The city is home to the largest Dominican diaspora community, with over 700,000 residents claiming roots in the island nation as of 2020.
On Thursday, Teresa Tapia was among those visiting a growing memorial set up in the center of the Washington Heights neighborhood, featuring a dozen veladoras — prayer candles placed in glass.
“Dominicans are really grieving, I tell you,” said Tapia, 47, who has lived in the U.S. for eight years. “I’m so sad. I had to go out and walk. I had to get out.”
Among the 221 confirmed dead in the tragedy at the Jet Set club were prominent baseball players Octavio Dotel and Tony Enrique Blanco Cabrera, as well as merengue singer Ruddy Pérez.
Tapia had seen Pérez perform in his final New York concert on April 4, where she said he encouraged people to join him at Jet Set, at the next show. After shedding a few tears, she turned to a poster of the singer.
“Thank you Ruddy,” she said in Spanish, “For all the joy you gave to your country.”
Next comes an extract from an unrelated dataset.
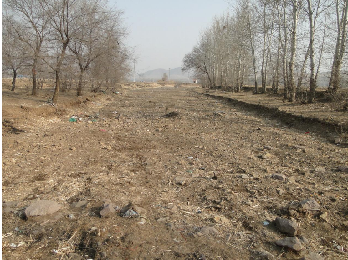
三十二、和安村董家屯东沟（TQ35）
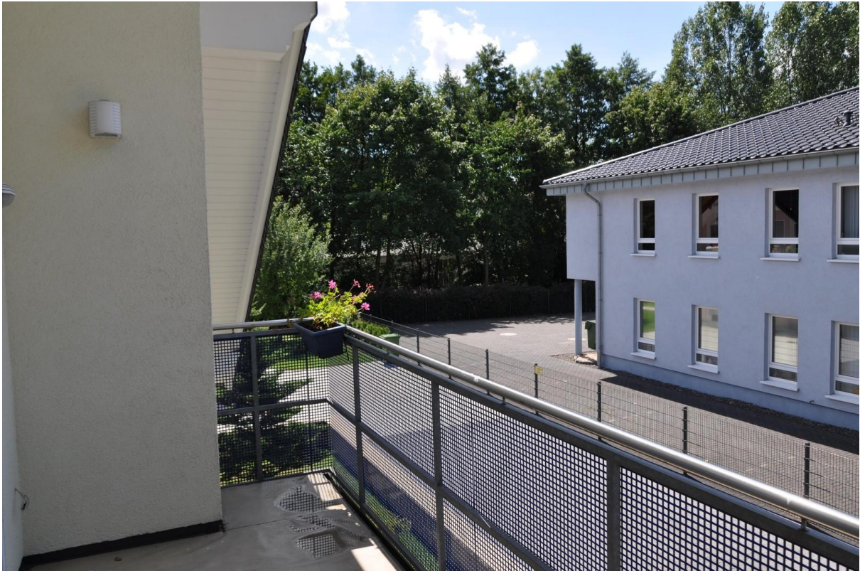
Wohnzimmer Balkon OG Ansicht 1

Others at the memorial in the heavily Dominican neighborhood met up and greeted each other, conferring briefly over the latest headline or image from the disaster in their phones.
Above the memorial, scrawled in black pen, was a message of unity that brushed off regional and political divisions.
“Today we are not from Licey or Las Aguilas, from the PRM or the PLD,” it read in Spanish, using acronyms for political parties in the Dominican Republic. “Today we are simply a people united by grief.”
On Wednesday, mourners clutching Dominican flags filled the pews at St. Elizabeth Church for a mass in memory of the victims. Among those speaking from the pulpit was Ydanis Rodriguez, the city’s transportation commissioner who was born in Dominican Republic. He pushed back at a narrative heard online and in the streets of Washington Heights that less sympathy was due to the victims because it was an expensive nightclub.
“The people who say ‘it was millionaires there.’ No. It was Dominicans there. It was workers at Jet Set,” other workers and students, said Rodriguez in Spanish.